Friday, 9 January 2015

Gull Force

9th January
A Rock Pipit; just because this little fella has been faithful to our garden all winter (with only House Sparrows, Starlings, Rock Doves, a Robin and the occasional Blackbird for company), so I thought he (or possibly she) should get headline billing in a blog post.
The gull nests on Greenholm will have been nicely cleaned off for the start of the next breeding season, with some high seas in recent days.
With the Shipping Forecast for sea area Fair Isle warning of a Force 12 westerly last night (in the end, it was very windy, but the worst of the conditions passed to the south of us), we knew we were in for a blowy time, and hopefully the sort of conditions that would see large numbers of gulls sheltering around the island.
Gull flock on Ditfield, how many white-wingers can you find?
In the end, numbers weren't actually that impressive this afternoon, probably only around 300 or so gulls were present, but amongst them were an impressive 9 (nine) Glaucous Gulls, with 5 in a loafing flock at Ditfield, another flying around in the bay there and 3 together in South Harbour (alongside an Iceland Gull) amongst a group of gulls feeding around the tideline. That's the highest Glaucous Gull count on Fair Isle since 1996 (although somewhat short of the record count of 300 on 24th November 1969!). Interestingly (well, sort of) 1996 was also the year I saw two Harlequins at Girvan (the first of three mentions of that species in this blog post...).
Iceland Gull riding the waves in South Harbour (and doing so a lot more successfully than the Great Black-back to its left!).
The 3 Tundra Bean Geese reappeared for the first time since 1st January and other typical winter fodder included Merlin, Snow Bunting and Peregrine (the latter being the first of the year).
Peek-a-boo. The three Tundra Bean Geese that have presumably been lurking in a ditch or back of a field somewhere for the last week or so. 
Merlin at Upper Stoneybrek shortly before it went off chasing a Snow Bunting.
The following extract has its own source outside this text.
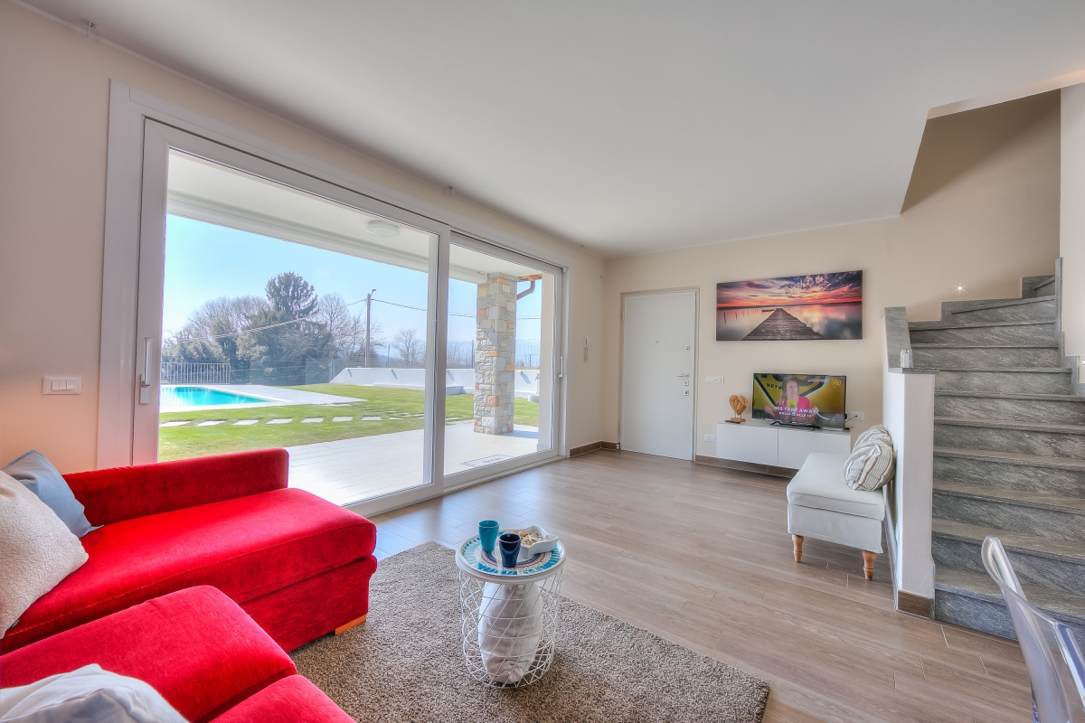 From its scenic hillside setting, the exclusive detached villa is just a short walk away from a selection of Italian restaurants, bars, a grocery shop, bank, post office and other useful amenities found in Besozzo.

Field views of the first Peregrine of the year.
So, we've survived the first big blow (thanks to everyone who got in touch to check we were ok), and the forecast tonight is 'only' a violent storm 11. We've got some strong westerly winds forecast for the next wee while, but hopefully enough of a calming in the weather mid-week to let me get down to a meeting in Aberdeen (just ten minutes or so walk from the Harlequin that turned up a few days ago...). Perhaps there could be more white-wingers turning up soon, I'm not sure that westerly gales in January will bring much else, but who knows, after all 11th January is the 50th anniversary of a pair of Harlequin (I'm working on the Beetlejuice theory that because I've mentioned it three times, a Harlequin should turn up here now) and the 45th anniversary of Great Bustard on Fair Isle...
Not really relevant to this blog post, but here's a picture of a Woodcock in the Obs garden in December. Very small numbers of this species probably winter on the isle.
The light and sea at this time of the year provide a constantly changing display that is just one of the reasons that Fair Isle is a special place to live in the winter (picture: S.Parnaby).